Let’s start with the Domain Name System (DNS).

It is a distributed database that links domain names and IP addresses. The mapping between a domain name and an IP, known as a record, can be divided into various types

  • A: Address indicates the IP Address to which A domain name refers. A domain name can have multiple A records.
  • NS: Name Server: indicates the address of the Server that stores the next-level domain Name information
  • MX: Mail eXchange, the address of the server that receives E-mail
  • CNAME: Canonical Name, returns another domain Name, makes the current query domain Name pick that domain Name, multiple domain Name -> server mapping.
  • PTR: Pointer Record. This parameter is used only for IP address query

DNS consists of the following three parts

  • Name Resolver (resolver)
  • Domain Name Space
  • Name Server

If you want to visit Baidu.com, you need to check its IP address, such as 220.181.57.216, through the DNS system first.

DNS query process

So the question is, how does DNS look up IP by domain name? Let’s take the example of a browser typing www.example.com,

  1. Check browser cache
  2. Check operating system caches, such as hosts files
  3. Checking the router cache
  4. If the first few steps fail, the ISP’s LDNS server is queried
  5. If the LDNS Server is not found, the Root Server requests resolution.

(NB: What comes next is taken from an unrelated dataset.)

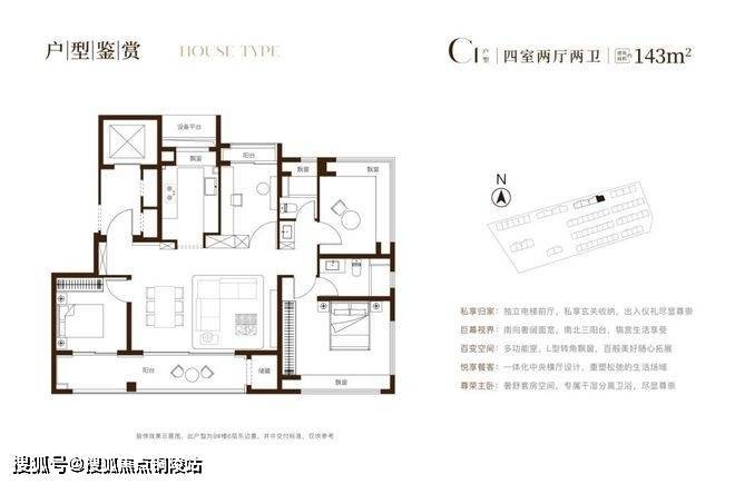 类一梯一户设计,电梯前室可作私人空间,独立玄关保障私密性;

    1. Return the top-level domain name (TLD) address of the.com,.cn,.org server. There are only 13 servers in the world. In this example, the.com address is returned
    2. The request is then sent to the TLD, which returns the address of the subdomain name (SLD) server, as in this example. Example
    3. It then queries the SLD domain name server for the target IP by domain name, which in this example returns the address of www.example.com
    4. The Local DNS Server caches the result and returns it to the user.
DNS Security
  1. DNS reflection/amplification attack

    Sends DNS requests for extensive domain name query to a large number of open DNS servers, and forges the source IP address of the DNS request to be the target IP address of the attack. Because the requested data is much smaller than the corresponding data, attackers can use this technique to amplify the bandwidth resources and attack traffic they master.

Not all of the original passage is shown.